Deal ID is a unique identifier that lets publishers sell directly to buyers at a fixed price that is prenegotiated offline, and is unique for each buyer. In that sense, it is by definition, programmatic direct.
However, while deal ID enables direct deals, it differs from traditional direct buying in one crucial way: Deal ID buys are unreserved. Deal ID buys are actually executed through private exchanges, which are still auctions. This means that, technically, buys are executed at the impression level in real time, and inventory isn’t actually reserved.
Reserved Programmatic Direct
There is a second category of programmatic direct: reserved. The IAB defines this segment as automated guaranteed.
This category is more like the traditional direct sales process, in which inventory can be reserved well in advance, both parties agree upon terms upfront and the actual buying mechanism is automated. Deals are negotiated directly between a single buyer and seller via technology, and programmatic pipes connect the buyer directly to the publisher’s ad server. Hence, programmatic direct.
“This type of transaction most closely mirrors a traditional digital direct sale,” according to the IAB. “The deal is negotiated directly between buyer and seller, the inventory and pricing are guaranteed, and the campaign runs at the same priority as other direct deals in the ad server. The programmatic element of the transaction that differentiates it from a traditional direct sale is the automation of the RFP and campaign trafficking process. Negotiation through to fulfillment can be, should the publisher desire, completed within the technology platform providing the automated reserve functionality.”

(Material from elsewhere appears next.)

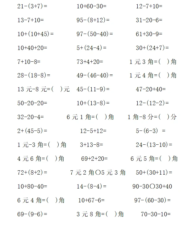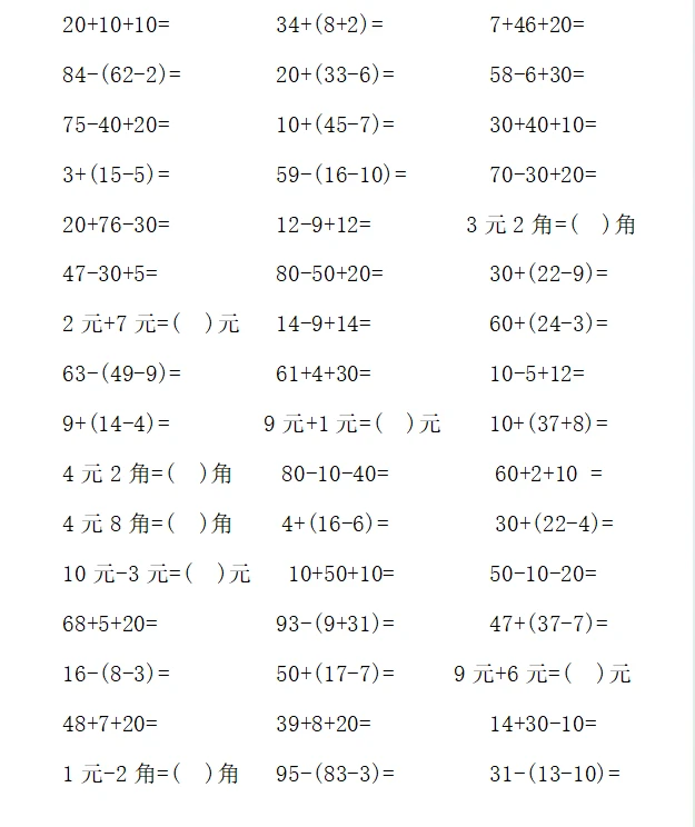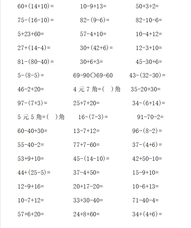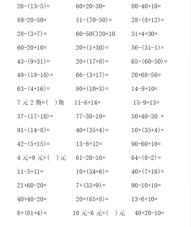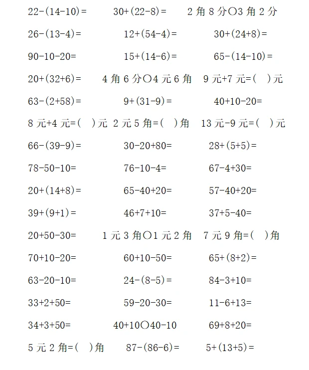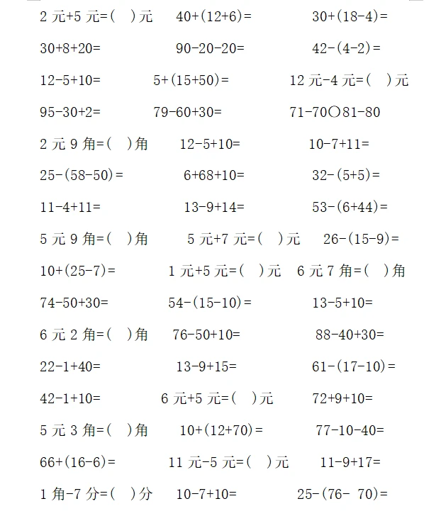 一年级计算1000题—⑤
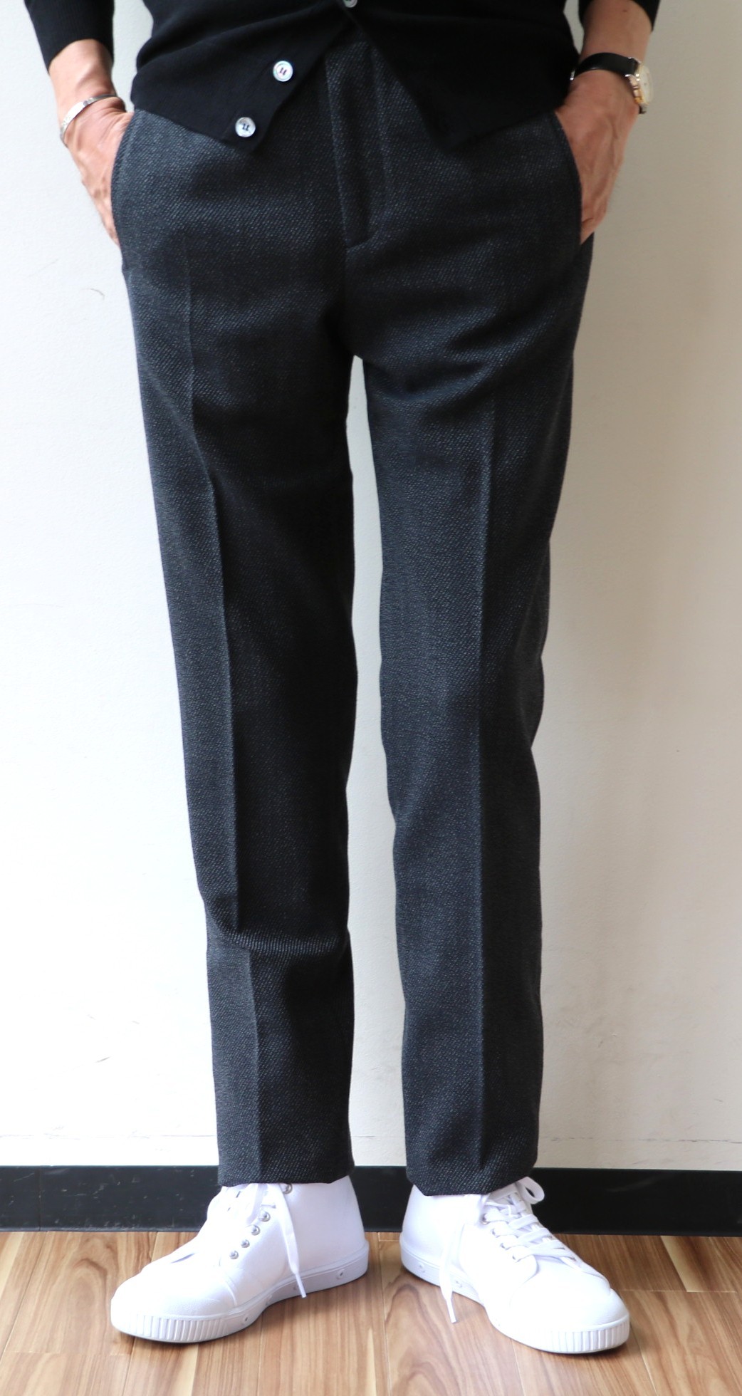 MODEL:「1AT091」ミックス糸カシミア混ストレッチウールパンツ

Looking Ahead: The Programmatic Direct Ecosystem
Both approaches – reserved and unreserved programmatic direct – employ distinct technology to solve the same general problem: Direct ad sales are hard and automation is essential. That said, it isn’t necessarily the case that one of these categories will win out. In a growing $18 billion market, there’s room for more than one solution. Many publishers already employ both categories of programmatic direct to suit the varying needs of different buyers.